Did you know that you can get a 6 month extension to pay your taxes? Just file Form 4868 and voila! You just got six more months to get the funds together to pay that tax bill. Sounds super easy, why isn’t everyone doing it?
Well, the IRS doesn’t always say what they mean and mean what they say. You’ve seen their forms and instructions. It’s almost like they’re trying their very best to trip you up.
Do they Want Us to Screw Up?
First off, let’s be clear here. Even calling it an “Automatic Extension” is highly misleading. It is not automatic and it is not an extension to get more time to pay your taxes.
So what do they mean? Well, automatic means that the IRS doesn’t ask why you want the extension. And that extension only gives you an extra six months to file your taxes. See, they are happy to give you a bit more time to organize your receipts and calculate the exact amount of your tax liability. You still have to pay with the rest of us; on time. Still, how can you be expected to pay if you don’t know how much? Well, that part is actually fairly easy. You estimate based on what you paid the previous year, fill out Form 4868 and send a check. If you didn’t pay your taxes in 2010, you may be getting a red letter and an audit this year.
You need to pay at least 90% of your tax liability to be safe. That gives you an additional 6 months to pay that other 10% without any penalties. If you pay less than 90% though, you might have to pay 0.5% per month on the remaining amount you owe. So if you owe a total of $10,000 in taxes and you send the IRS a check for $8,000 you would be charged an additional $5.00 per month ($10,000 x 90% = $9,000 - $8,000 = $1,000 x 0.5% = $5.00).
It may seem like a lot of effort just to hold off on such a small amount. You still have to file your taxes by April 15 (but you only have to file form 4868 so it’s a lot less paperwork) and you still have to pay a good portion of your taxes on time, but the extension can still save you a lot of money.

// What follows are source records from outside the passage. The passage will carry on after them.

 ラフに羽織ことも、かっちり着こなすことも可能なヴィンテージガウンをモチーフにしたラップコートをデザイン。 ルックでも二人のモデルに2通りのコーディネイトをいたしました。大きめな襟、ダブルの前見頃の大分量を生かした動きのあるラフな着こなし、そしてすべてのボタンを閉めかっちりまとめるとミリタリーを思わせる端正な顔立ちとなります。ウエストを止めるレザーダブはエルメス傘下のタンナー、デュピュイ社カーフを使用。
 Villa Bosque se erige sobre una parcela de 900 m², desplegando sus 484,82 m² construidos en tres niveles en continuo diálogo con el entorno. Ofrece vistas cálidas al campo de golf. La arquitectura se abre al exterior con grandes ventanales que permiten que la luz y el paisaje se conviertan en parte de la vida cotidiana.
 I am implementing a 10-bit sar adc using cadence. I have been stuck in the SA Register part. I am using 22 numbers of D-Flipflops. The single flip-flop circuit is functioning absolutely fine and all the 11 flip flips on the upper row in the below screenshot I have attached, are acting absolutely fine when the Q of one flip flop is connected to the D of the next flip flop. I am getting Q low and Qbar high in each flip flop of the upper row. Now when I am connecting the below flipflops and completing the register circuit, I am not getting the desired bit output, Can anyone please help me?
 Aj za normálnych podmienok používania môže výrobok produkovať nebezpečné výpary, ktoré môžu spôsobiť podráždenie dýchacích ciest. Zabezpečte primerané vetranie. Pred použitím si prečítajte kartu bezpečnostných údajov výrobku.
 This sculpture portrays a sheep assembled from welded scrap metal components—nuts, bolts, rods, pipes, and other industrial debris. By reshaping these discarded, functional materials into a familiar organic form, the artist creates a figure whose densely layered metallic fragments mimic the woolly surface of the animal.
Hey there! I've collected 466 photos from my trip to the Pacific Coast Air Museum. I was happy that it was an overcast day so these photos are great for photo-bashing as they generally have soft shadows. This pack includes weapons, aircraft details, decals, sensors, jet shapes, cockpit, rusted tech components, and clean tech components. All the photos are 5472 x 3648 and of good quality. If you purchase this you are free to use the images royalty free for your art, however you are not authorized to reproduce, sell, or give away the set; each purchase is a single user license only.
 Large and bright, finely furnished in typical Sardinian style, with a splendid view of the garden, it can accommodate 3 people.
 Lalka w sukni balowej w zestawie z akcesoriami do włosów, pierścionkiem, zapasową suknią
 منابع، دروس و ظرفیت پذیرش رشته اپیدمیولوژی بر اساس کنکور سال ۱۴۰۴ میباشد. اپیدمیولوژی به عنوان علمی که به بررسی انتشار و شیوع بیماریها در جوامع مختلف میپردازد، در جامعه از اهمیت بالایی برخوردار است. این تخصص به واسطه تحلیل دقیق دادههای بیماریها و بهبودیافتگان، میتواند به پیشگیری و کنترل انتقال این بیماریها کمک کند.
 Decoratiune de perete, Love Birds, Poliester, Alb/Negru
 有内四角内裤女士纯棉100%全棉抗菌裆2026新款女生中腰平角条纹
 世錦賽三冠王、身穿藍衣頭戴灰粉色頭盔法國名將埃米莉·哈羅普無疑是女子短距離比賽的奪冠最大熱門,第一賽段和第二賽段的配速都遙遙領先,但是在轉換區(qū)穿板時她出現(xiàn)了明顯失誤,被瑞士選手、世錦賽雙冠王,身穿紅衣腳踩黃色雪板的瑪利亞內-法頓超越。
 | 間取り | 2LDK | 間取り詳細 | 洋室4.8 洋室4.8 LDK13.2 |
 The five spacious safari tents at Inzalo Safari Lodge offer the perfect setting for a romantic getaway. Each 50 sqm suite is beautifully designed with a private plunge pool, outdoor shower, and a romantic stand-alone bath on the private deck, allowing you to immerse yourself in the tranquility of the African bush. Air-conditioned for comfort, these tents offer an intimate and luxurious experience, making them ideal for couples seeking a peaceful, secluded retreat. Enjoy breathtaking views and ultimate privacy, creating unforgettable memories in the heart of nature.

If You Don’t Pay on Time, You’ll Pay Big Time
If you don’t pay your taxes by April 15 and you didn’t file an extension you will be charged a 0.5% “failure to pay” penalty, as described above, but the IRS will also tack on an additional 5% per month “failure to file” penalty on your total remaining balance. If you owe the same $10,000 as in the example above, you are now paying $550 dollars per month in penalties, instead of just $5.00. Not very logical right?
So apply for the extension. The IRS will always grant you one. Even if you end up not paying any of your taxes at all, you still save $500 a month (assuming a $10,000 liability) because you aren’t getting charged for failure to file. So take the 5 minutes to fill out Form 4868 and save yourself the money and the audit.